4 Wege, auf denen Investoren zu einer nachhaltigen Zukunft beitragen können

AXA IM: Der Klimawandel zählt zu den größten Herausforderungen der Zukunft. Am kommenden Sonntag, den 22. April, rückt der Earth Day 2018 den Schutz unserer Lebensgrundlagen wie jedes Jahr einen Tag lang in den Fokus der Öffentlichkeit. Auch für Fondgesellschaften ist der Earth Day ein relevantes Datum – denn immer mehr professionelle wie private Anleger legen Wert darauf, auch mit Investments zu einer nachhaltigen Entwicklung der Gesellschaft beizutragen. AXA Investment Managers (AXA IM) treibt sozial verantwortliches Investieren (SRI) schon seit der Jahrtausendwende voran und hat sein Engagement auf diesem Gebiet zuletzt weiter ausgebaut – etwa wenn es um den Klimaschutz geht.

„Oberflächlich betrachtet scheinen Klimafragen unkompliziert“, erklärt Matt Christensen, Global Head of Responsible Investing bei AXA IM. „Es gibt aber Grauzonen, die sorgfältig geprüft werden müssen.“ Daher nutzt AXA IM unter anderem die folgenden vier Instrumente zur präzisen Bewertung von Klimarisiken und -chancen.

1. Ökologische Investments herausfiltern

In der traditionellen Finanzanalyse werden die Risiken und Folgen des Klimawandels nicht berücksichtigt, sodass Risiken und Erträge unter Umständen falsch eingeschätzt werden. AXA IM bewertet daher konsequent auch ökologische, soziale und governancebezogene Faktoren (ESG-Faktoren). Diese ESG-Scores berechnet die Fondsgesellschaft für mehr als 6.000 Unternehmen weltweit. Auf dem Prüfstand stehen unter anderem die Projekte der Emittenten, die Verwendung der Erlöse sowie die Nachverfolgbarkeit der Wirkung.

2. Messung und Verringerung des CO2-Fußabdrucks

Der „grüne Anteil“ der Portfolios ist inzwischen messbar und sichtbar.

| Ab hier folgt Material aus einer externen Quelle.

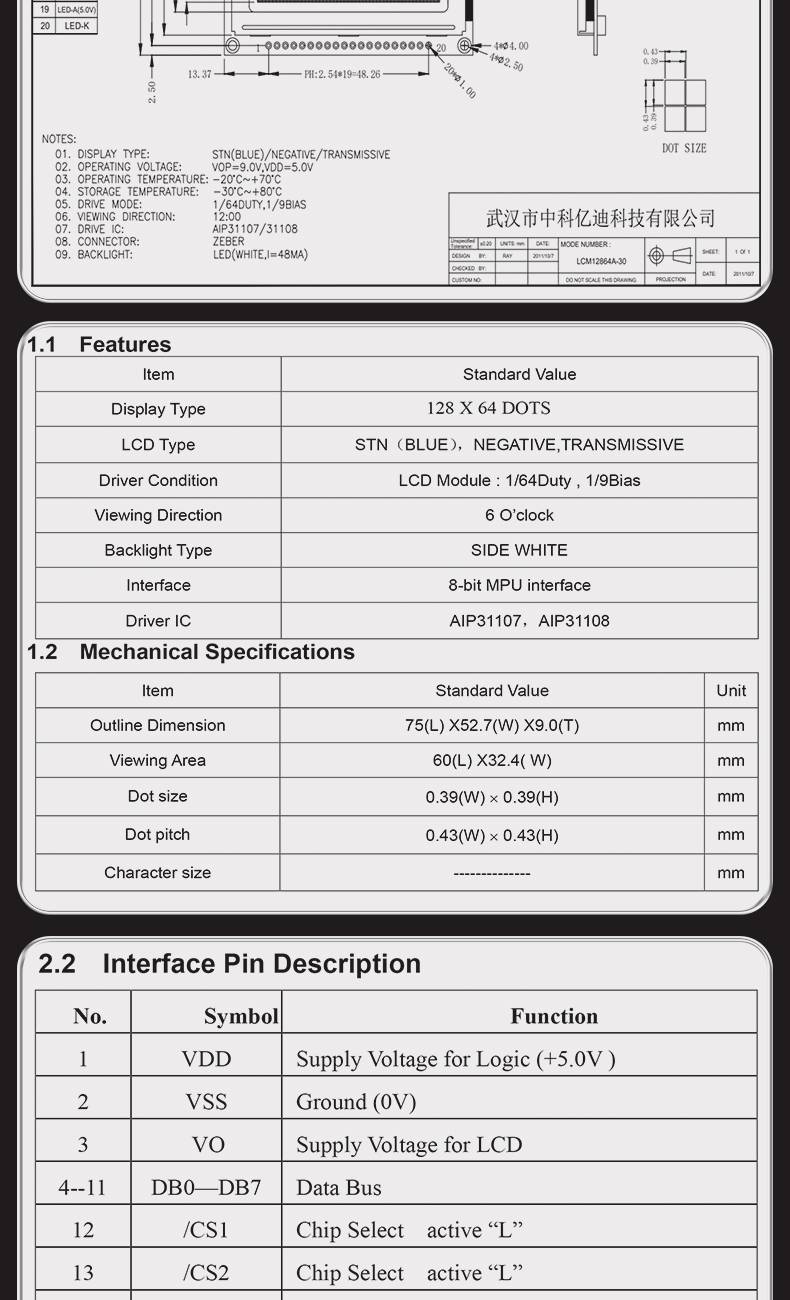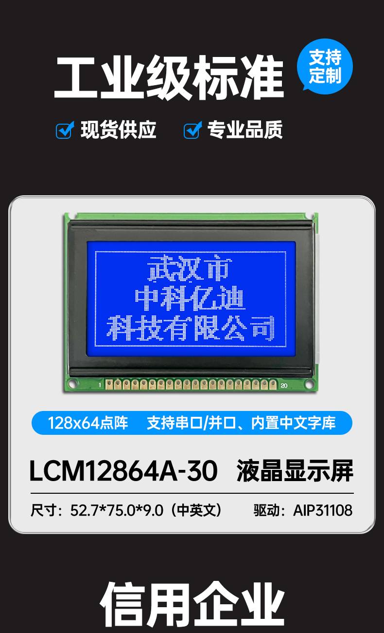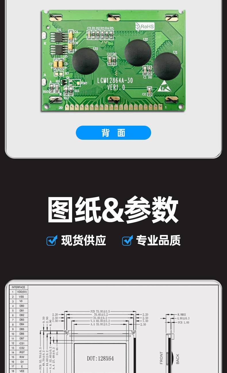 图形点阵LCM12864A-30液晶屏模块128*64点阵蓝屏黄绿屏灰屏中英文

Ganz konkret kann der durchschnittliche prozentuale Anteil der Geschäftsaktivitäten eines Emittenten mit positiver Wirkung für die Energiewende mit Hilfe bestimmter Indikatoren nachverfolgt und überwacht werden. Zu diesen Parametern zählen beispielsweise der Technologiemix eines Unternehmens, seine Investitionsstruktur sowie die Bedeutung und die Reserven fossiler Brennstoffe.

Aus diesen Faktoren lässt sich der CO2-Fußabdruck ermitteln. Im Anschluss können Investoren durch die selektive Auswahl einzelner Aktien und Anleihen erfolgreich den CO2-Fußabdruck ihres Portfolios senken – ohne dabei ganze Sektoren ausschließen zu müssen. Im vergangenen Jahr hat sich AXA IM deswegen entschieden, bestimmte Investments in Unternehmen zu verkaufen, deren Kohleaktivitäten zu umfangreich erschienen – gemessen an den CO2-Emissionen sowie am Klimarisiko.

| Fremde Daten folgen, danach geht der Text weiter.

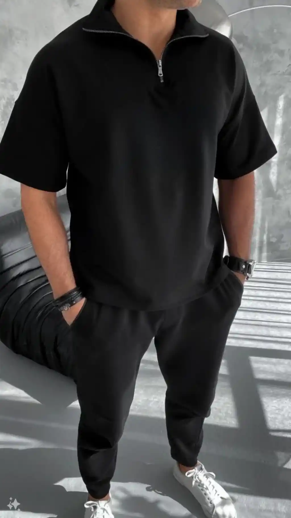 Unisex Yarım Fermuarlı Basic T-Shirt - Siyah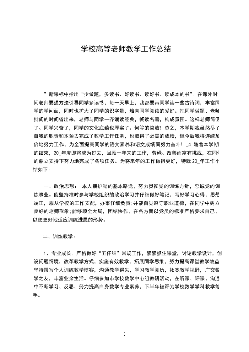 二、在训练教学上,敬业爱岗,严谨治教。 把同学教好,让同学胜利,是每位老师的心愿、的荣誉。作为一名数学老师,让同学把握良好的学习方法,猎取更多的学问是最重要的任务。所以,我在课堂教学中,坚持做到仔细钻研大纲,认真分析教材的编写意图,仔细备课,留意设计好每堂课的教学方法,讨论现代训练技术在课堂教学中的应用,注重对同学各种本领的培育。在仔细做好日常教学工作的同时,努力探究在学校数学课堂教学中落实素养训练的方法及手段,探究在训练中培育同学本领进展的途径。在工作中,我深知学习的重要性,抓住一切机会仔细学习,在不断学习、不断实践中不断提高自我的训练教学水平及教学管理水平。我抓住学校支配外出听课的机会,虚心学习,不耻下问,准时消化,吸取别人的精华,在自我的教学中为断实践,不断总结,不断提高。平常向书本学习、向身边有阅历的老师学习,提高自我的课堂教学水平,努力构成自我的课堂教学风格。在训练教学工作中,我在做到教学“五仔细”的同时,平常能以“团结、协作”的精神和老师们共同沟通、相互学习、共同提高。 我兢兢业业,尽职尽责。多年来,时时以“爱心、耐烦、细心”贯穿始终,去关怀每一位同学,去搞好班级的每一次活动。这个学期,我班取得了较好的成绩,我决心让他们在一种“宽松、探求、竞争”的氛围健壮成长。本学年担当_(_)班数学老师,依据学校德少工作方案,仔细开展各项活动,加强行为习惯训练及良好心理品质的培育。关怀同学的学习和生活,特别关注后进生,予以他们更多的关怀,鼓起他们学习的劲头,更好地融入在这个班级体中。注重行为规范训练,从实抓起,用正确的舆论导向,用榜样的力气,促使同学从被动到主动,从他律到自觉,养成良好的心理品质和行为习惯。经过晨会、班会、黑板报、墙报等渠道,使同学自觉地成为团体的仆人,学习的仆人。加强“平安训练”,使“平安”牢牢地刻在同学心中。使班级蒸蒸日上,尤其注重与家长的联系,运用电话、家访、请家长到学校等多种途径和方法,把同学在校的表现及改变,如期向家长汇报,让家长了解孩子在校是提高了还是退步了,准时把握孩子各方面的优点和不足,以便有针对性地帮助老师开展训练活动。由 我的主动,有些家长也很情愿将孩子在家的表现反馈过来,期望老师的帮忙。这样的双向活动,使家长也参加对同学的管理,对同学的健康成长起到了良好的督促作用。 一学年来,我从班级的分散到干部的培育,从黑板报的出刊到广播稿的选择,从教室布置到班级竞赛,不知要化多少心血、牺牲多少个休息日,但我没有怨言过,总是一如既住地去完成一件件事情,做好一项项工作。总之,在这一学年中,我不仅仅在业务本领上,还是在训练教学上都有了必需的提高。但我平常工作中消失需改善的地方也较多,如理论学问不够,论文精品意识不强;电脑学问进步不快。在今后的工作中,我将扬长补短,不断努力。 _

3. Abstimmungsverhalten und Engagement

AXA IM hat seine Leitlinien zur Corporate Governance überarbeitet, um zu unterstreichen, wie wichtig Klimawandel-Management für alle Unternehmen sein sollte. Bei Hauptversammlungen steht das Abstimmungsverhalten konzernweit mit der Klimapolitik im Einklang. AXA IM nutzt daher konsequent auch Stimmrechte, um verantwortliches Unternehmensverhalten zu fördern: Zum Schutz des Klimas werden entsprechende Aktionärsanträge unterstützt.

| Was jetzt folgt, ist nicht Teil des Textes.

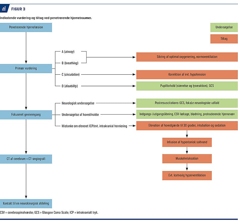 Den initiale behandling ved PHT foretages præhospitalt og ved traumemodtagelsen, hvor man tager udgangspunkt i Advanced Trauma Life Support (ATLS)-guidelines. Indledende neurologisk evaluering med vurdering af bevidsthedsniveauet med Glasgow Coma Scale (GCS) er særligt relevant, da denne kan give et indtryk af omfanget af den primære hjerneskade (Figur 3). Der bør foretages en undersøgelse af huden, især hårbunden, da indgangsåbningen kan være dækket af blodigt hår. Placering af indgangsåbning samt eventuel udgangsåbning registreres. Åbninger skal undersøges for tegn til lækage af cerebrospinalvæske (CSV), blødning eller protruderende hjernevæv [8]. For at kunne undersøge hovedet og halsen grundigt bør man fjerne den stive halskrave, men der skal tages forholdsregler for evt. columnafraktur [7]. Herefter skal der om muligt udføres en mere detaljeret neurologisk undersøgelse, hvor GCS dokumenteres efter initial stabilisering (post-resuscitations-GCS) [8].

Im vergangenen Jahr stimmte AXA IM bei 15 wichtigen Öl- und Gasunternehmen sowie Versorgern in den USA für klimawandelbezogene Beschlüsse und berichtete auch darüber. Wenn Unternehmen den Klimawandel nicht angemessen berücksichtigen, behält der Asset Manager sich vor, gegen andere Beschlüsse zu stimmen – beispielsweise bei den Themen Jahresbericht und -abschluss, Wahlen von Boardmitgliedern und Vergütungsplänen.

4. Zusammenarbeit

Zusammen mit anderen Investoren plant AXA IM die Teilnahme an der „Global Climate 100+“-Initiative. Diese möchte auf die 100 größten Treibhausgasemittenten einwirken, die für 85 Prozent der jährlichen Treibhausgasemissionen verantwortlich sind und Vermögenswerte in Höhe von 5,5 Billionen US-Dollar repräsentieren. Ziel ist es, Emissionen zu senken, eine klimabezogene Finanzberichterstattung zu etablieren und die Governancepraktiken im Umgang mit Klimawandelrisiken zu verbessern.